Kolumne: Berliner Republik Das ABC der Flüchtlingspolitik

Immer neue Begriffsschöpfungen in der Flüchtlingspolitik offenbaren die allgemeine Ratlosigkeit. Julia Klöckners Plan "A 2" ist ein gutes Beispiel dafür.

Rückblickend wird die Flüchtlingskrise sicherlich einmal als Zäsur in der deutschen Politik und Angela Merkels Kanzlerschaft beurteilt werden. Möglicherweise wird man auch auf eine kuriose Phase politischer Wort- und Begriffsbildungen schauen - Wörter und Begriffe, die die Hilflosigkeit im Umgang mit dieser Krise irgendwie einhegen sollten.

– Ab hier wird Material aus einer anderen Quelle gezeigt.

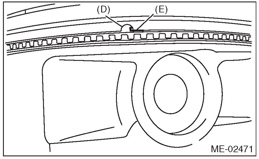 16) Align the upper rail spin stopper (E) to the side hole (D) on the piston.

Vielfach werden auch hintereinander lauter Synonyme erfunden, um zu bemänteln, dass man in der Sache nicht vorankommt, weil man sich uneinig ist. So bedeuten Transitzonen, Flughafenverfahren, Grenzzentren, besondere Aufnahmeeinrichtungen und Hotspots im Grunde genommen alle das Gleiche: In Abstufungen geht es darum, Flüchtlinge nicht frei in ein Land einreisen zu lassen, sondern sie (Achtung, neue Wortschöpfung!) in einer Sammelstelle so lange wohnen zu lassen, bis ihr Asylverfahren möglichst rasch abgeschlossen ist.

Auch der sogenannte Plan A 2, den CDU-Vizechefin Julia Klöckner am Wochenende auf den Nachrichtenmarkt geworfen hat, ist ein hübsches Beispiel für die Kreativität im Umgang mit der eigenen Planlosigkeit. Seit Wochen fordert die CSU einen Plan B, der Obergrenzen und Zurückweisungen für Flüchtlinge bedeuten würde. Auch die Österreicher gaben ihren Obergrenzen-Beschluss als Plan B aus.

Die Kanzlerin hingegen hält an ihrem Plan A fest, wonach die Flüchtlingskrise international gelöst werden und die deutschen Grenzen grundsätzlich für alle offen bleiben sollen. Nun ist Klöckner eine Vertraute und Verbündete der Kanzlerin. In der Integrations- und Flüchtlingspolitik tickt sie in Teilen aber eher wie eine CSU-Politikerin. Zudem steht sie im heimischen Wahlkampf in Rheinland-Pfalz gerade wegen der sinkenden Umfragewerte Merkels und der erstarkenden AfD mächtig unter Druck. Es war für sie also an der Zeit, sich mit einem alternativen Plan zu Merkels Politik dezent abzusetzen. Da sie aber keinesfalls die Kanzlerin in der Öffentlichkeit düpieren wollte, wie es die CSU seit Wochen macht, nannte sie ihre Vorschläge für temporäre Obergrenzen und rasche Zurückweisungen an der Grenze "Plan A 2". Die Taktik ist leicht durchschaubar. Das war Klöckner aber offensichtlich egal. Funktioniert hat es trotzdem - der notorisch merkelkritische Flügel der Union lobte Klöckners Vorschläge. Zugleich beeilten sich Merkels Verbündete, Klöckner ebenfalls den Rücken zu stärken.

Doch A 2 ist mehr eine politische Taktik als ein echter Plan. Denn die Forderungen Klöckners sind nicht neu. Sie stecken abgemildert im Asylpaket II, und für den Rest kann sich die Kanzlerin derzeit nicht erwärmen.